# Duracell Pre-Charged Rechargeables - Buyer Advisory



## Bones (Feb 25, 2008)

Some time ago, Wildchild and others established to my satisfaction that the original Duracell Pre-Charged Rechargeable was a re-badged Eneloop.

I was therefore somewhat surprised to see some pre-charged rechargeables bundled with Duracell chargers yesterday that appeared quite different from the re-badged Eneloop.

These were distinquished by a black material around the positive post, a label that didn't wrap around the shoulder of the negative end of the cell, and they were made in China rather than Japan.

By what could be termed an unusual coincidence, I later noted that images of the Eneloop and re-badged Duracell originally posted by Wildchild included another cell which closely resembled the new Duracell offering; it's the RayOvac Hybrid:









You will notice that it too has the black material around the positive post, a label that doesn't wrap around the shoulder of the negative end of the cell, and that it's made in China rather than Japan.

With the exception of the country of origin, the label markings were identical for both cells bundled with their chargers, so it doesn't appear that Duracell intends to differentiate the re-badged Hybrid from the re-badged Eneloop.
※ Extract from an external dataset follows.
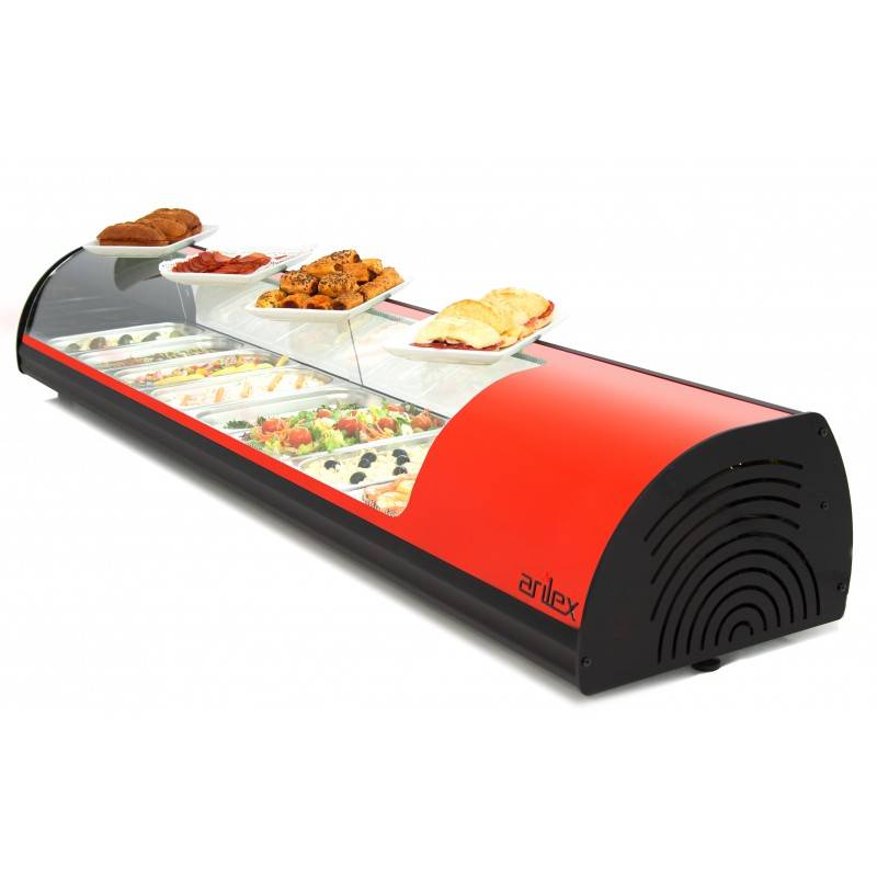 Mobiliario Vitrina refrigerada de tapas 8 bandejas GN1/3 color rojo ARILEX 8VTG-RO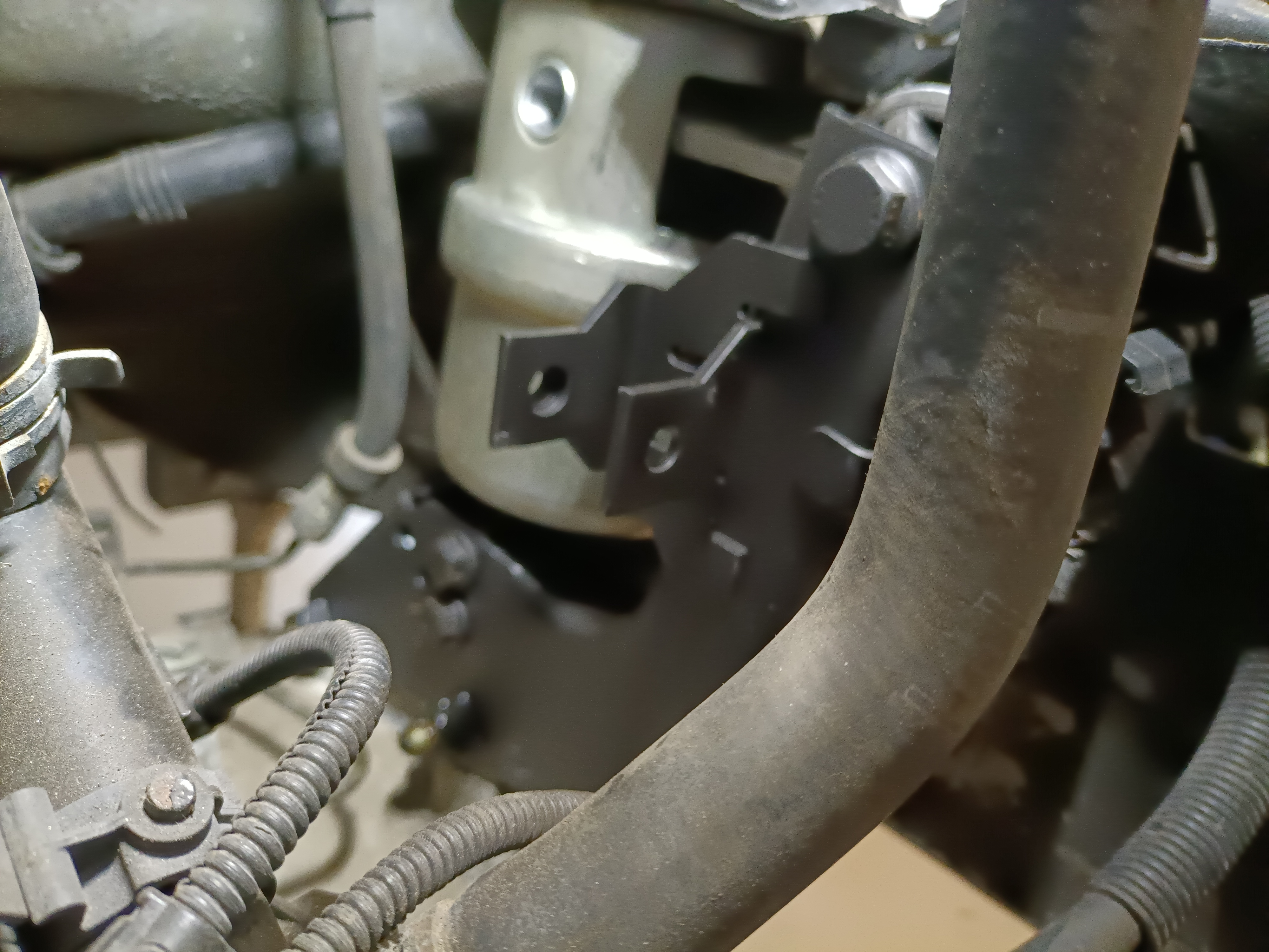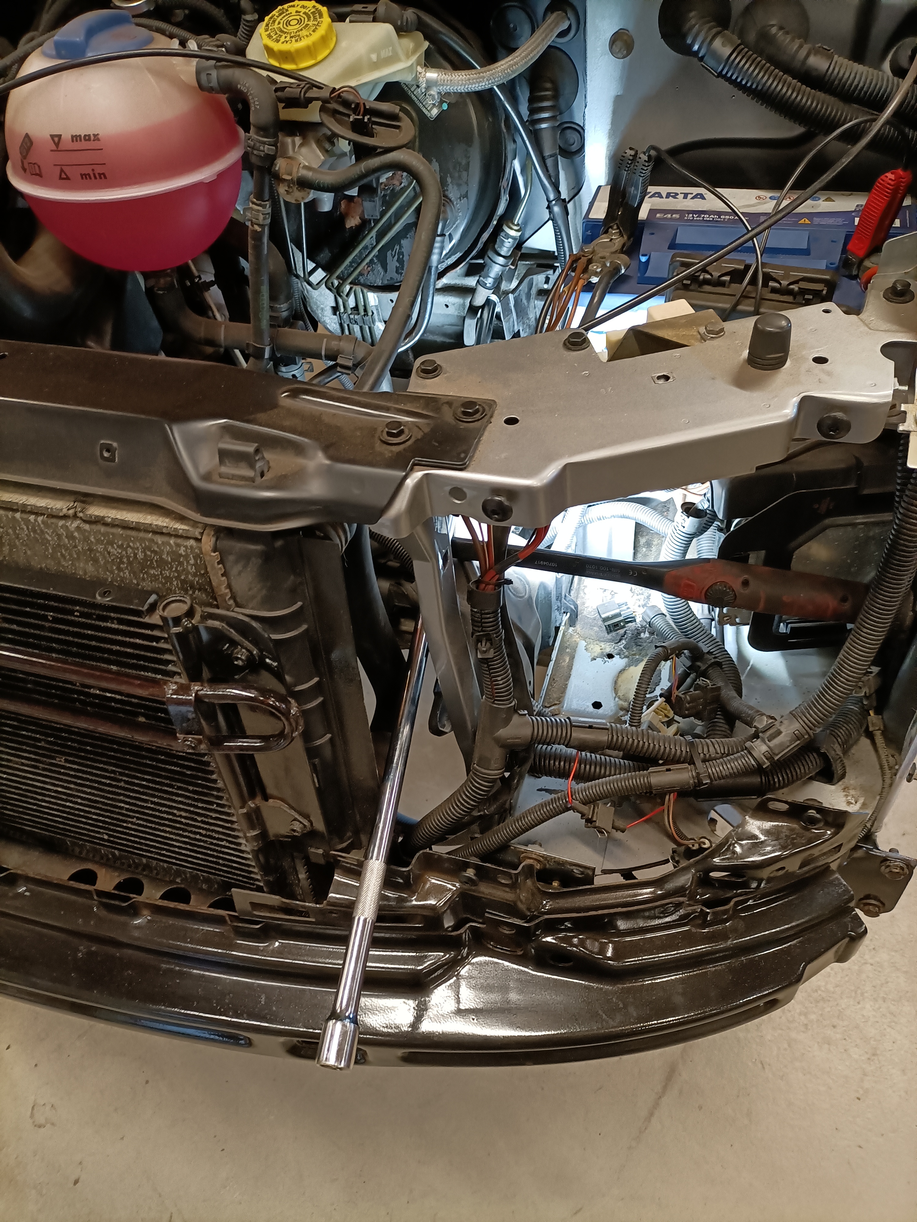 Nu kun je eenvoudig bij de onderste motorsteun bout komen, en deze losdraaien.

For me, this development has three negative implications:

Firstly, since the Hybrid is made in China, they are probably much less costly to produce than the Eneloop, so there is a strong likelihood that Duracell will now source the Hybrid exclusively.
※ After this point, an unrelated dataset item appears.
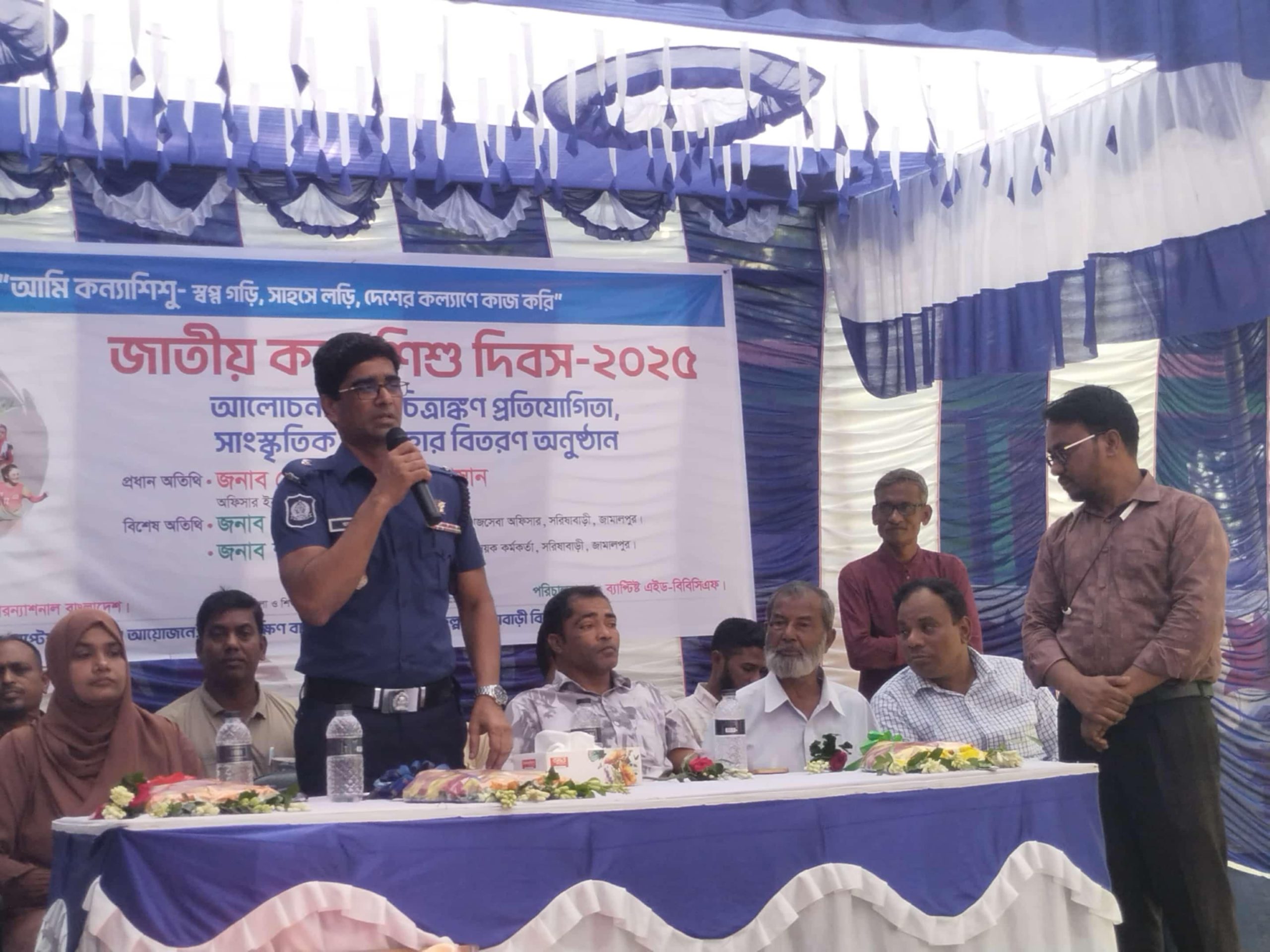 আমি কন্যাশিশু,স্বপ্ন গড়ি সাহসে লডি,দেশের কল্যাণে কাজ করি এ প্রতিপাদ্য কে সামনে রেখে জামালপুরের সরিষাবাড়ীতে জাতীয় কন্যাশিশু দিবস পালন উপলক্ষে আলোচনা সভা, চিত্রাংকন প্রতিযোগীতা, সাংস্কৃতিক অনুষ্ঠান ও উপহার বিতরণ করা হয়েছে। বুধবার (৮ অক্টোবর ) মধ্য ও দক্ষিণ বাংলাদেশ শিশু উন্নয়ন প্রকল্প, সরিষাবাড়ী এর আয়োজনে ব্যাপ্টিষ্ট- এইড বিবিসিএফ এর পরিচালনায় কম্প্যাশন ইন্টারন্যাশনাল বাংলাদেশ এর অর্থায়নে ১১৭ জন মেয়ে শিশুর মাঝে ১টি করে পুতুল, ১১০ জন ছেলেদের মধ্যে ১টি করে ফুটবল,১৫ জন চিত্রাংকন প্রতিযোগীতা বিজয়ী মধ্যে উপহার ও ২২৭ জনের মধ্যে নাস্তা ও দুপুরের খাবার বিতরণ করা হয়েছে।

Secondly, all those who purchase the Durcell Pre-Charged because we advised them they were re-badged Eneloops could now end up with re-badged RayOvac Hybrids instead.

Thirdly, according to this and other threads, the performance of the RayOvac Hybrid is somewhat inferior to that of the the Eneloop, especially in higher drain applications.

So, it now appears that at some point in the future the only way to ensure that we are getting Eneloops will be to either buy the real thing or the Sony CycleEnergy Blue.

Unless, of course, there are other re-badged Eneloops on the market that haven't yet been identified on this forum?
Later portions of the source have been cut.